# Xtreme bass tournament results



## reelmanly (May 19, 2005)

23 Brave and Hardcore souls ventured out for the Annual Xtreme Bass Tournament and Christmas Party. Conditions were Prime for this event and well represented by Phil Carver "Team Bass Xtreme" Director and Brandon of "Warrior Baits"! Several NEW faces showed up for the event and even Capitalizing for their efforts. A "SPECIAL THANKS" to Pam who supplied most of the catering and also was the Tournament Director calling the shots and keeping most of us in line as the "Spirits" were making their way through our blood flow, some guys found out how tough she can be as Director.
After 2 and a 1/2 hours on the Lake with the fish actively on the BITE some awesome sacks were brought to the scales, here are the results..Paying 4 places along with plaques and 1st and 2nd BB the tournament ended as follows follows...
4th Place went to K. Horn weighing in a healthy bag at 48.11lbs 

3rd Place went to H. Deal weighing in a nice sack of50.04 lbs

2nd Place went to M. Wilson weighing in an awesome bag of 55.2 lbs and...

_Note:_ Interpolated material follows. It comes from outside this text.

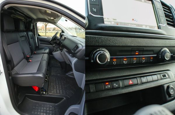 Személyautóban is megállja a helyét a műszerfal, ami így munkahelyként remek. Elég sok tárolóhelyet alakítottak ki a vezető és az utasok keze ügyében, de a középen helyet foglaló lábteréből helyet rabol a váltókar konzolja. Feláras az érintőképernyős fejegység, a szellőzést vezérlő kapcsolók minden esetben ott vannak a középkonzolon, ami megkönnyíti a használatot. Egyik tesztautónál sem sikerült kibékülni a fűtéssel, vagy hideg levegőt fújt be, vagy izzadtunk, a kettő között pedig a digitális kijelző tanúsága szerint csak 1 °C volt a különbség.

1st Place went to J. Daniels weighing in a SUPERB bag of 60.12 lbs

J.Daniels also took BIG BASS honors with a 21.4lb Large Mouth and

C. Mink took the honor of 2nd Big Bass with his weighing 20.4lbs

This was once again a GREAT tournament and turnout, you guys are awesome to Party with and I look forward to doing Battle with you all on the water come next season, the gift xchange was SWEET with some NICE stuff, seen a lot of smiling faces!!!! 
PS the Last couple of Anglers trailered out a 3am. Whew what a Night!!!!!!!!!!!!!!


----------



## DaleM (Apr 5, 2004)

Looks like you guys had a great time. I doubt to many will remember it though!


----------



## reelmanly (May 19, 2005)

Dale, That pic was taken before the tournament, just didn't have the heart to post the aftermath pictures of everyone's condition. LOL


----------



## Danshady (Dec 14, 2006)

dang, jd is tearing it up this winter, last sat. big buck, this sat big bass bag, way to go jd!!!!!! looking like good times there chuck!


----------



## Marshall (Apr 11, 2004)

Thanks again for hosting another fun christmas bash! The tourney was awesome and the food was great. See ya on the water.


----------



## OHBMQUINN (Sep 11, 2007)

Congrats to all and thanks to Chuck & Pam for making it all possible happy holidays KQ


----------